Указом Президиума Верховного Совета СССР от 25 декабря 1959 года «за успехи в развитии общественного животноводства, выполнение соцобязательств по производству и продаже государству мяса в 1959 году в два раза больше по сравнению с 1958 годом, а также за увеличение производства и продажи хлеба и других сельскохозяйственных продуктов» Кировскую область наградили орденом Ленина. В те годы Никита Сергеевич Хрущев выдвинул лозунг: «Догнать и перегнать Америку!». В том числе и в сельском хозяйстве. Жители нашей области постарались, за что и получили орден.
Хрущев лично хотел прибыть в Вятку и вручить награду. Заодно он планировал побывать и в новом цехе по производству гексафторида урана Кирово-Чепецкого химзавода. Ведь мы осуществляли давнюю мечту Никиты Сергеевича: готовили его «кузькину мать», которой он грозился Америке. Ядерное оружие!
Мы ждали приезда Хрущева. В цехе навели марафет — сделали конфетку! Приготовили речи. Капитально обновили дорогу в сторону Кирова — чтобы главе государства было комфортнее к нам добраться. Увы, Никита не приехал. А вот за дорогу народ благодарил нас еще долго.

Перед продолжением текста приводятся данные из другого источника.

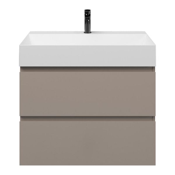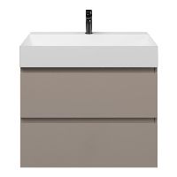 Greeploos badkamermeubel in de kleur taupe is 80 cm breed. De wastafel is vervaardig in keramiek en heeft de kleur wit mat keramiek. Dit badkamermeubel met deze wastafel is leverbaar tussen de 60 cm t/m 160 cm
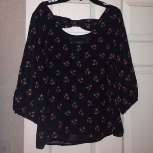 Navy blue, flying birds patterned blouse.. size small, loose fitting (prettily flows away from the body).. worn once, in perfect condition.
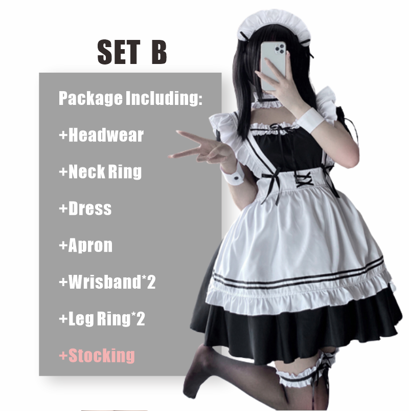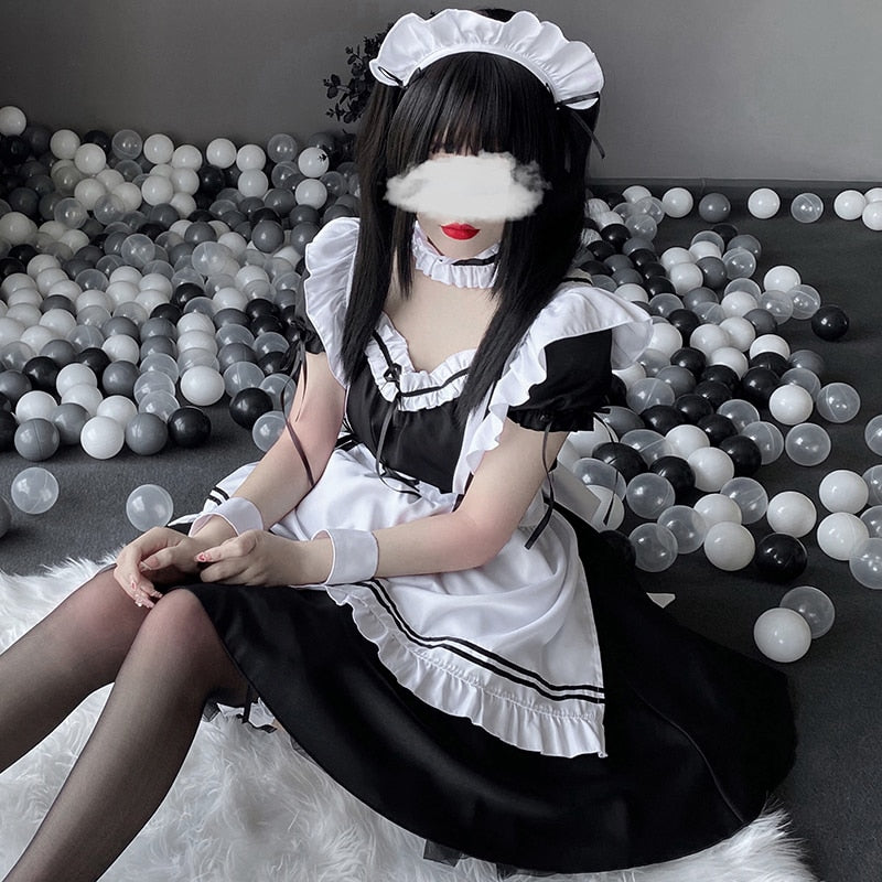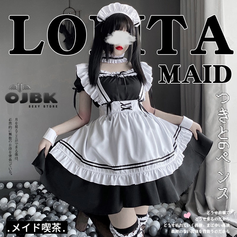 Japanese Anime Cosplay Costume High Quality Black White Maid Outfit Apron Dress Plus Size Women Sexy Lingerie Stage Uniform New

Начальником нового цеха я был четыре года. Затем Борис Петрович Зверев предложил мне должность технолога всего комплекса по производству гексафторида урана — обоих цехов. «Нужно продвинуть производство фтора. Он стал тормозом в увеличении выпуска гексафторида урана», — сказал мне тогда Зверев. Я согласился перейти технологом — хотел познать производство фтора.
Зверев высоко ценил меня как технолога (могу же я побыть нескромным!). Однажды на рабочем совещании он публично заявил: «Иванов сделал главное и больше всех». Это касалось электролизёров. У нас они были плохие — страдали из-за некачественных графитов. По заданию Зверева я не раз и не два отправлялся в командировки на Челябинский электродный завод. Наша потребность в графитах была небольшая — какая-то кроха, но у нас были свои, особые требования. Переговоры вел с тамошним главным инженером. Он меня понял. Но сказал: «Для вас вашу кроху специально делать не будем — у нас работает конвейер. Но будем отбирать вам с потока согласно вашим требованиям». И нам стали поставлять графиты отличного качества. Производство фтора пошло!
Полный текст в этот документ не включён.